MCP 服务器

Gemini Image Generation MCP Server

Provides image generation capabilities using Google's Gemini 2.0 Flash Preview model through the MCP protocol, enabling AI assistants to generate high-quality images from text prompts.

README

Gemini Image Generation MCP Server

A Model Context Protocol (MCP) server that provides image generation capabilities using Google's Gemini 2.0 Flash Preview model.
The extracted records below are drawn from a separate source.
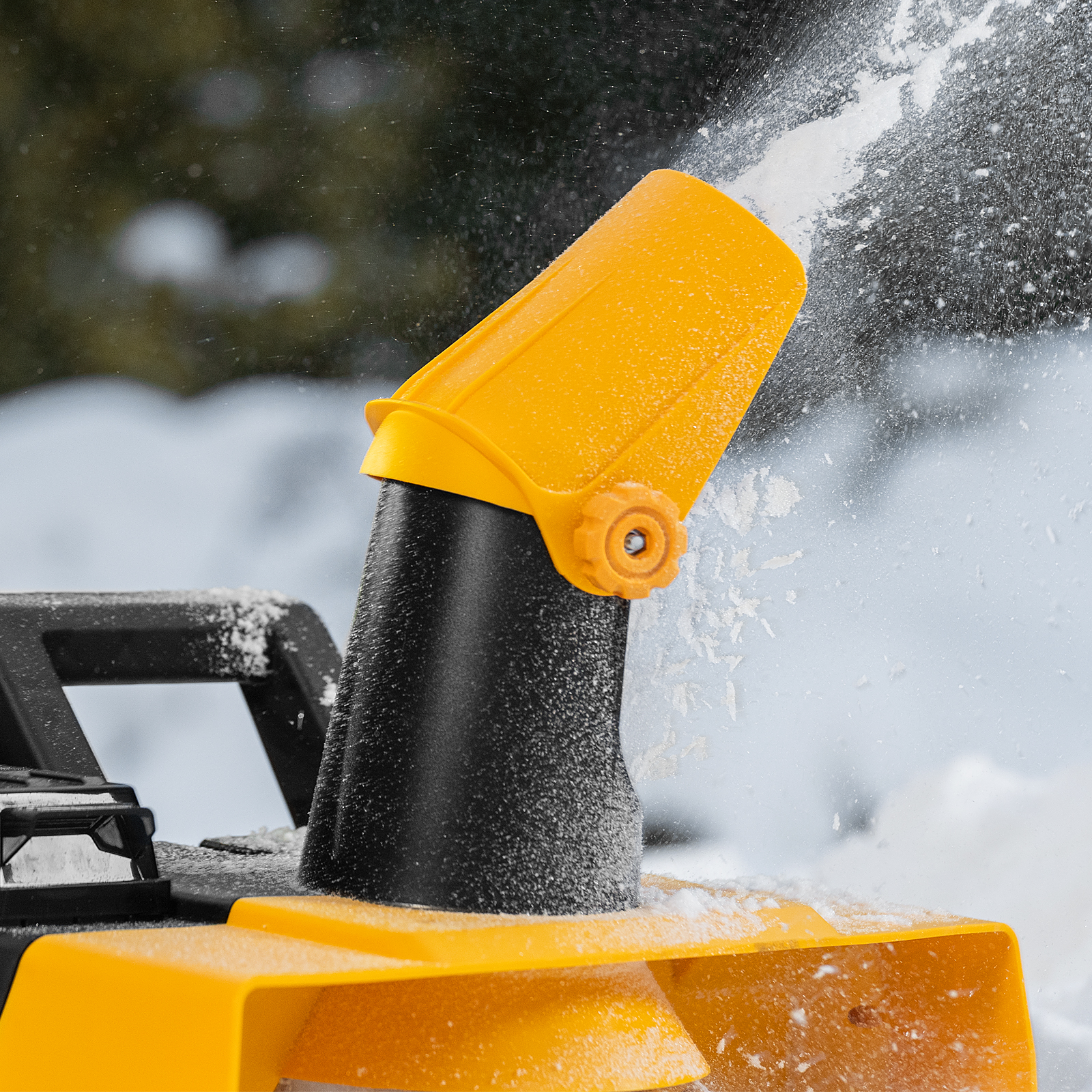 - Регулировка направления выброса снега — угол поворота желоба можно изменить при помощи удобной рукоятки.
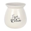 This wax melt burner gift set includes a peachy-pink accented ceramic burner with ‘Relax Mum’ text. Includes a tin of Tropical Island eco soy wax melts in a lovely gift box and makes a perfect gift for Mother’s Day and birthdays.
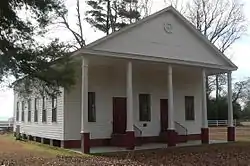 Asbury Methodist Church, also known as Asbury Memorial Church and Asbury Methodist Episcopal Church South, is a historic Methodist church located at Raynham, Robeson County, North Carolina. It was built in 1861, and is a one-story, timber-frame building in a modest Greek Revival style. It measures approximately 40 feet by 50 feet and features a prominent, projecting, pedimented front gable supported by five posts. Adjacent to the church is the contributing cemetery with approximately 200 marked graves. The oldest grave dates to 1848.[2]
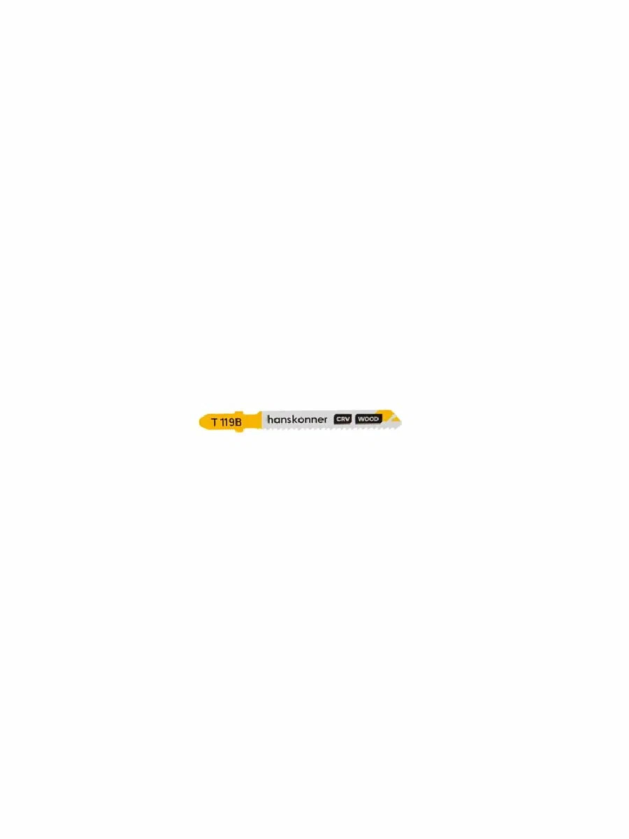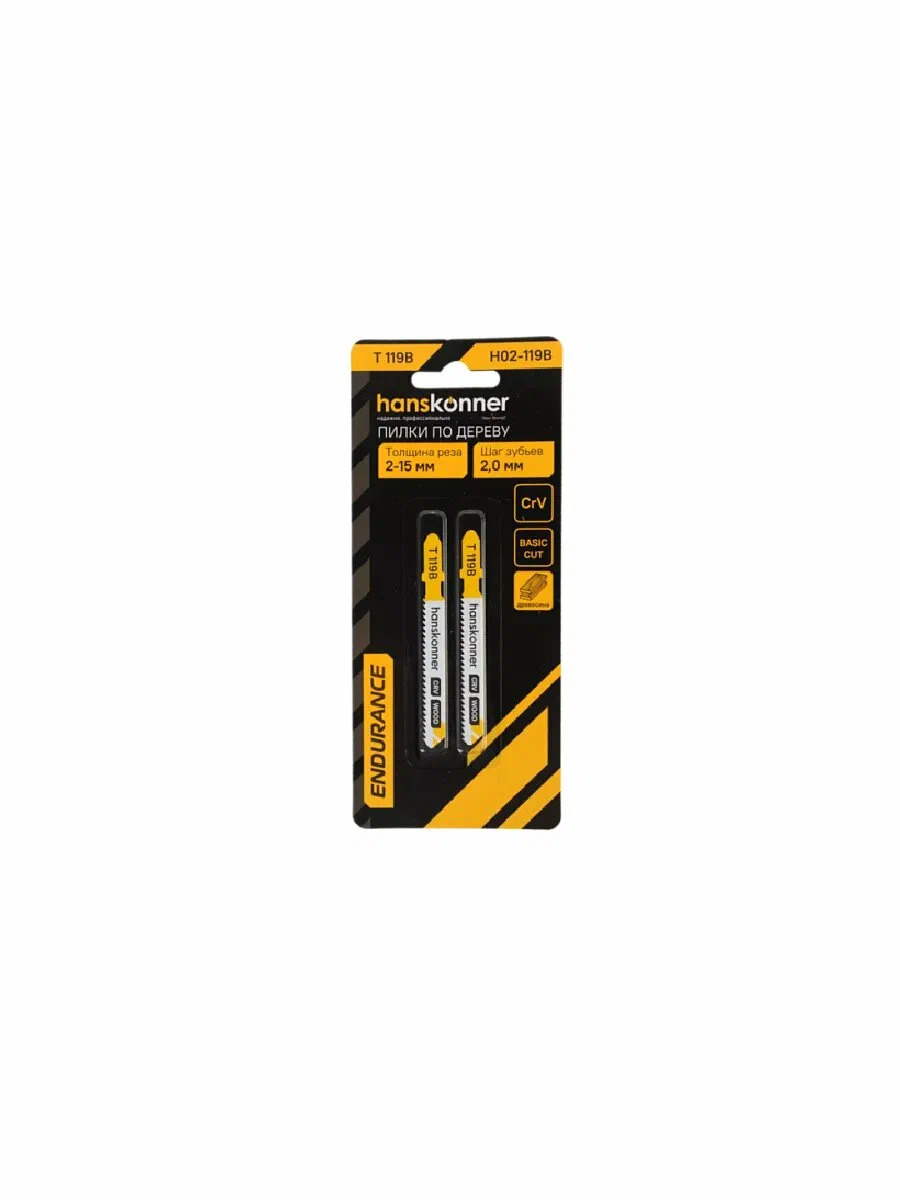 Пилки для лобзика Hanskonner H02-119B - Предназначены для прямых пропилов в мягкой и твердой древесине толщиной 2-15 мм. CrV- изготовлены из хромованадиевой стали, обладают высокой прочностью и ресурсом. AUTO - автоматическая заточка и шлифовка на высокоточном оборудовании. Характеристики: Длина полотна: 76 мм. Шаг зубьев: 2. Материал: HCS. Исполнение зуба: Фрезерованные разведенные. Рабочая длина: 50 мм. Обрабатываемый материал: Дерево 2-15мм. Тип пилки: T119B. Комплектация: Пилки - 2 шт.
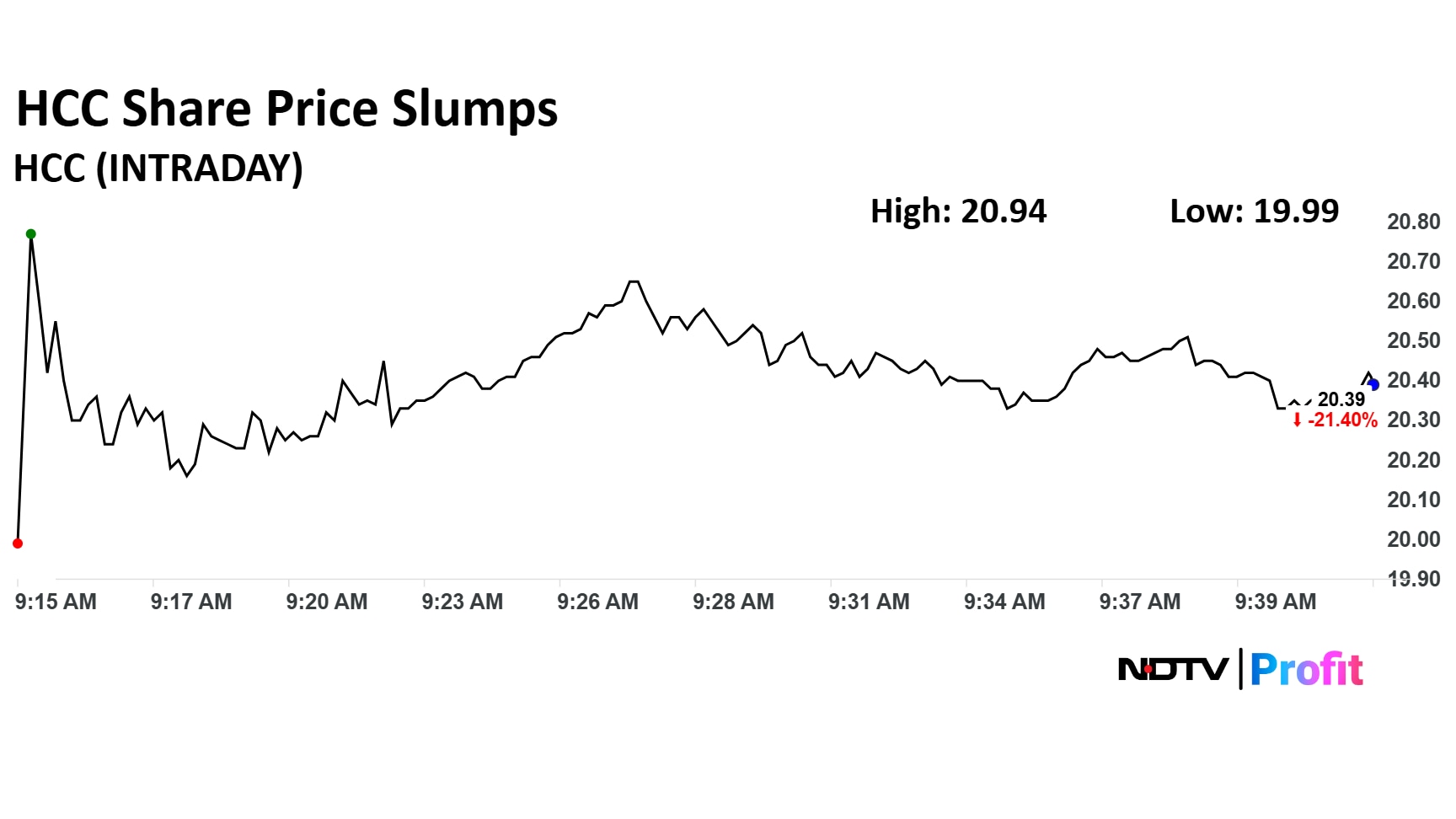 HCC share price slumped 22.94% to Rs 19.99 apiece, the lowest level since Aug 9, 2023. It was trading 20.18% down at Rs 20.71 apiece as of 10:23 a.m., which implies 0.24% advance in the NSE Nifty 50 index.

This server allows AI assistants to generate high-quality images from text prompts through the MCP protocol.

Features

Image Generation: Generate images from text prompts using Gemini 2.0 Flash Preview
Multiple Output Formats: Support for PNG, JPEG, and other image formats
File Management: Automatic saving of generated images with organized file naming
Base64 Support: Handle image data in base64 format for easy integration
Status Monitoring: Check API connection status and model information
Prompt Templates: Pre-built prompts for optimized image generation

Prerequisites

Python 3.9 or higher
Google AI API key (Gemini API access)
uv package manager (recommended) or pip

Installation

Using uv (Recommended)

Clone or download this repository:

git clone <repository-url>
cd image-generation-gemini-mcp

Install dependencies:

uv sync

Using pip

Install dependencies:

pip install -r requirements.txt

Setup

1. Get Google AI API Key

Visit Google AI Studio
Create a new API key
Copy the API key for use in the next step

2. Set Environment Variable

Set your Gemini API key as an environment variable:

Windows (PowerShell):

$env:GEMINI_API_KEY="your-api-key-here"

Windows (Command Prompt):

set GEMINI_API_KEY=your-api-key-here

macOS/Linux:

export GEMINI_API_KEY="your-api-key-here"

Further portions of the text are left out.